___ Data ___

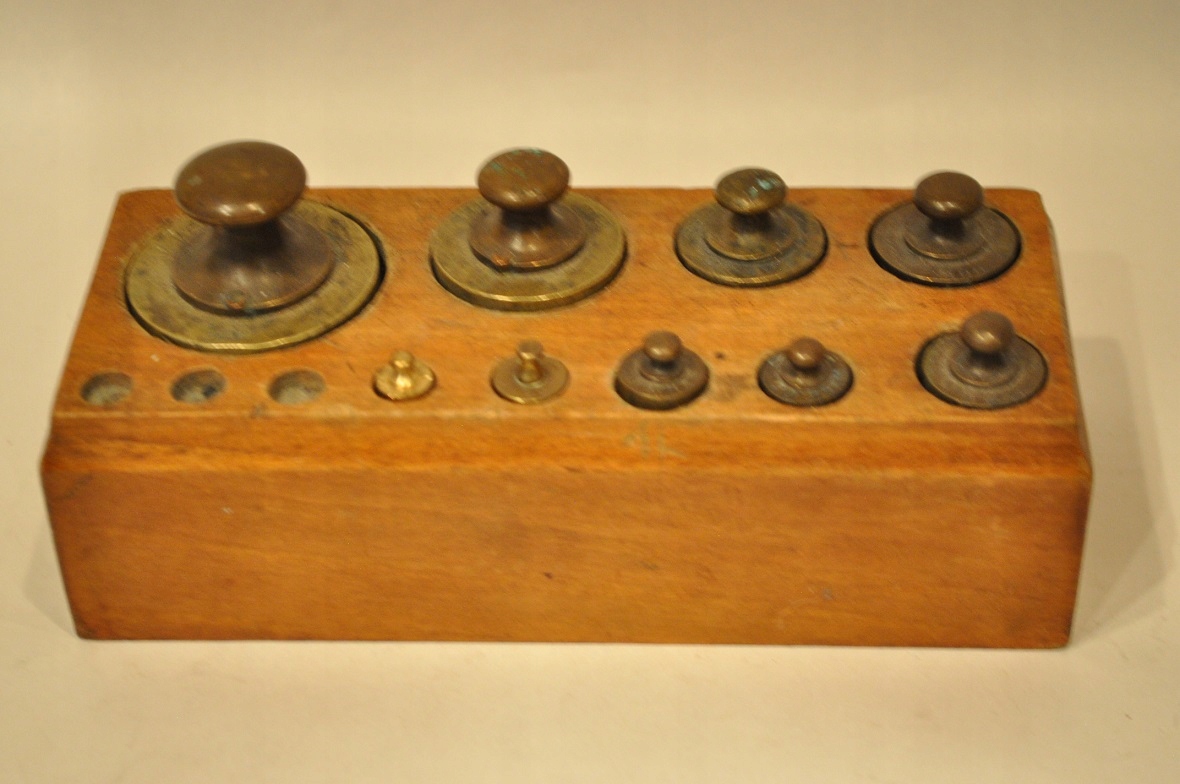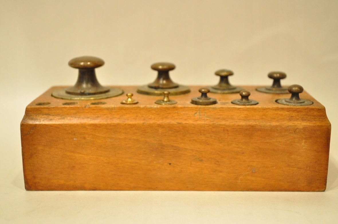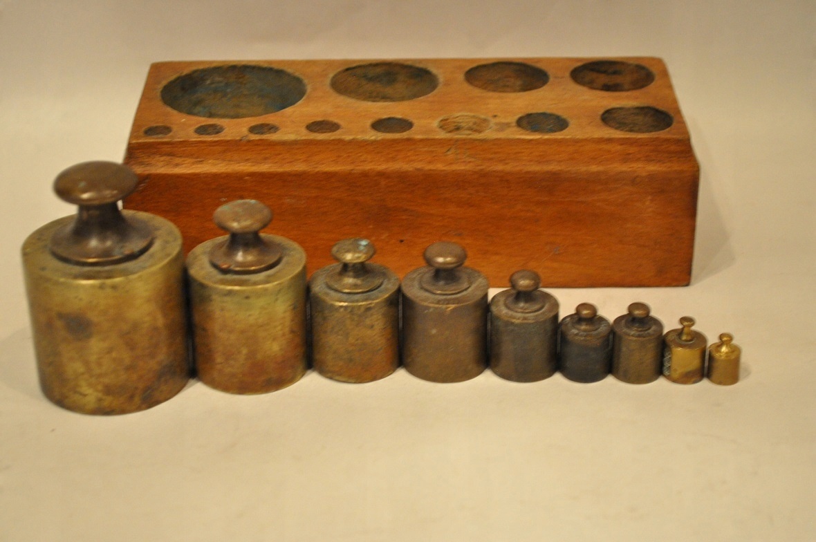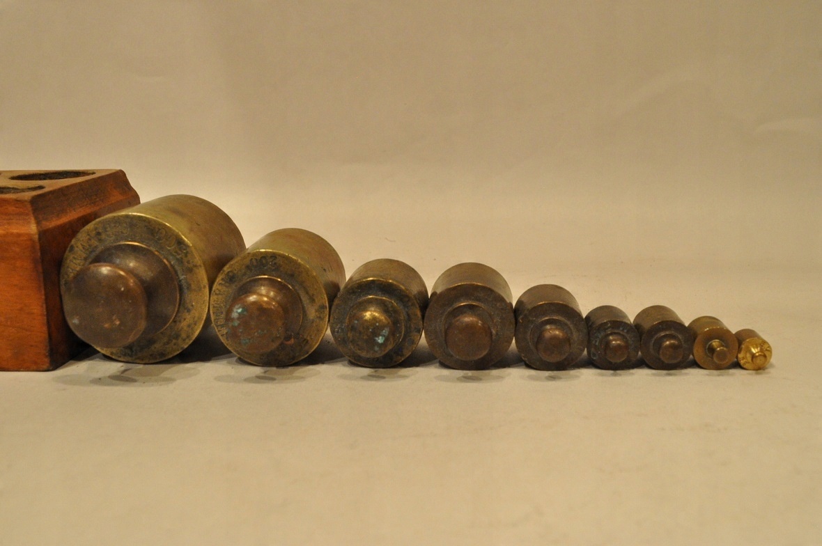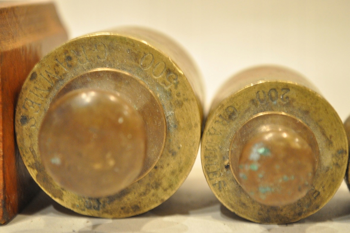 Окрім двох найменших гир - бронзи, неочищеної латуні - покритої оригінальною, старою, темною патиною.
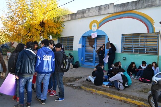 Los alumnos de la Escuela Secundaira Nº 13, que fueron trasladados al ex edificio de la Escuela Laboral por peligro de derrumbe en los techos del edificio del CENs, donde funcionan desde hace algunos años, realizaron una sentada en la puerta del edificio de calle 32 para pedir el acondicionamiento de este edificio para retomar las clases.
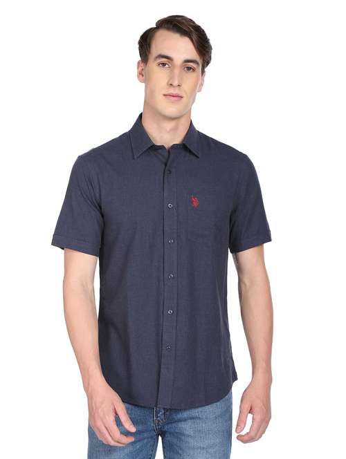 - » navy blue solid casual shirt
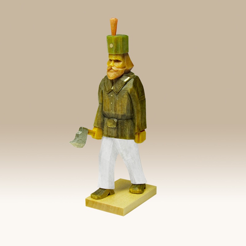 Die Figur ist handgeschnitzt und farbig lasiert. Dadurch ist die Maserung des Holzes noch gut sichtbar.
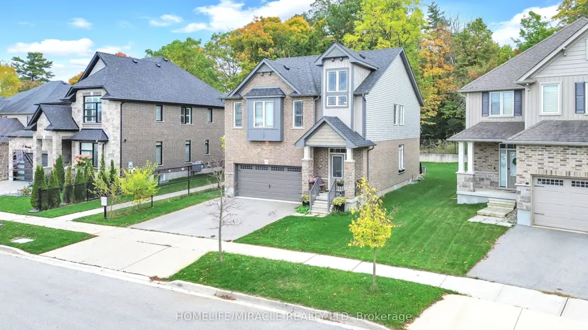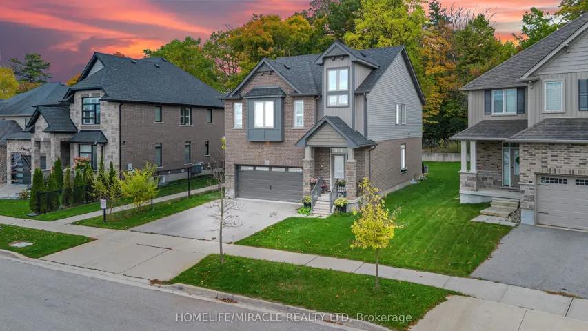 Premium Ravine Lot!Welcome to this stunning home offering approximately 2,385 sq ft of elegant living space plus a builder-finished basement with a full bath. Built in 2017 and meticulously maintained, this home sits on a wide premium lot backing onto a beautiful greenbelt, ensuring privacy and serene views. The owners invested nearly $100K in lot and upgrades, making this a truly exceptional property.Premium Ravine Lot no rear neighbours, green belt behind 9 ft ceilings with an open-to-above foyer for a grand entrance Bright, open-concept layout with living, dining & spacious family room Elegant oak staircase with metal pickets Spacious primary suite with ensuite bath + 2 additional large bedrooms Finished basement by builder featuring a 4-pc bathroom and extra living space Double car garage with ample parking Located on a quiet, kid-friendly street Minutes to Hwy 401 perfect for commuters Close to Conestoga College, schools, shopping, and all amenities Family-oriented neighbourhood surrounded by nature trails & parks Finished top to bottom and move-in ready, this home combines comfort, functionality, and premium upgrades perfect for families looking for both style and convenience! Don’t Miss it before it sold
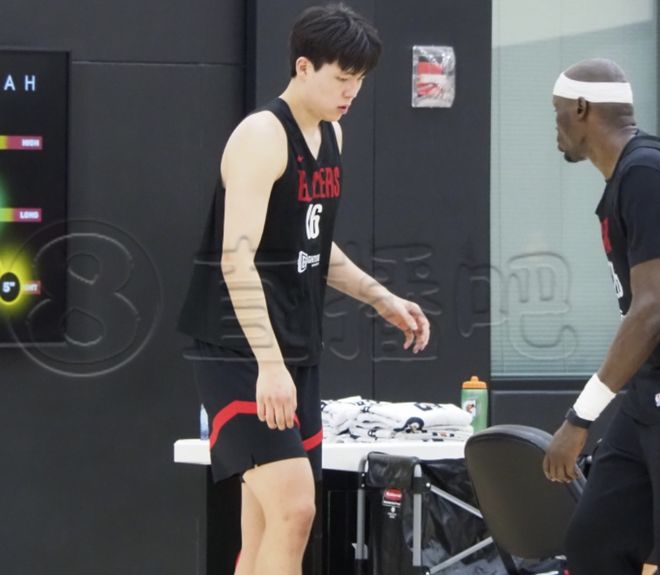 开拓者队内训练里,杨瀚森在跑战术,先是跑到弧顶,接到助教传球之后出手三分,杨瀚森2次出手弧顶三分全部打铁。接下来又回到底角位置去投三分,底角位置杨瀚森第一轮出手2次也只命中了1球,跟他一组的里斯投得那可是非常准的。
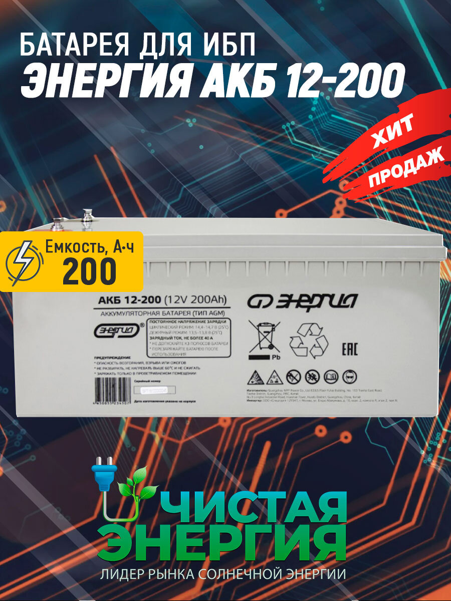 Аккумулятор для ИБП Энергия АКБ 12-200 создан специально для работы в буферном режиме эксплуатации. Идеально подходит для работы в устройствах бесперебойного электропитания, охранной сигнализации, информационных и телекоммуникационных системах и других типах оборудования.

___

**Work required**: Your job is to reproduce the material exactly. Keep pictures out of it.

**Output**:
 Окрім двох найменших гир - бронзи, неочищеної латуні - покритої оригінальною, старою, темною патиною.
 Los alumnos de la Escuela Secundaira Nº 13, que fueron trasladados al ex edificio de la Escuela Laboral por peligro de derrumbe en los techos del edificio del CENs, donde funcionan desde hace algunos años, realizaron una sentada en la puerta del edificio de calle 32 para pedir el acondicionamiento de este edificio para retomar las clases.
 - » navy blue solid casual shirt
 Die Figur ist handgeschnitzt und farbig lasiert. Dadurch ist die Maserung des Holzes noch gut sichtbar.
 Premium Ravine Lot!Welcome to this stunning home offering approximately 2,385 sq ft of elegant living space plus a builder-finished basement with a full bath. Built in 2017 and meticulously maintained, this home sits on a wide premium lot backing onto a beautiful greenbelt, ensuring privacy and serene views. The owners invested nearly $100K in lot and upgrades, making this a truly exceptional property.Premium Ravine Lot no rear neighbours, green belt behind 9 ft ceilings with an open-to-above foyer for a grand entrance Bright, open-concept layout with living, dining & spacious family room Elegant oak staircase with metal pickets Spacious primary suite with ensuite bath + 2 additional large bedrooms Finished basement by builder featuring a 4-pc bathroom and extra living space Double car garage with ample parking Located on a quiet, kid-friendly street Minutes to Hwy 401 perfect for commuters Close to Conestoga College, schools, shopping, and all amenities Family-oriented neighbourhood surrounded by nature trails & parks Finished top to bottom and move-in ready, this home combines comfort, functionality, and premium upgrades perfect for families looking for both style and convenience! Don’t Miss it before it sold
 开拓者队内训练里,杨瀚森在跑战术,先是跑到弧顶,接到助教传球之后出手三分,杨瀚森2次出手弧顶三分全部打铁。接下来又回到底角位置去投三分,底角位置杨瀚森第一轮出手2次也只命中了1球,跟他一组的里斯投得那可是非常准的。
 Аккумулятор для ИБП Энергия АКБ 12-200 создан специально для работы в буферном режиме эксплуатации. Идеально подходит для работы в устройствах бесперебойного электропитания, охранной сигнализации, информационных и телекоммуникационных системах и других типах оборудования.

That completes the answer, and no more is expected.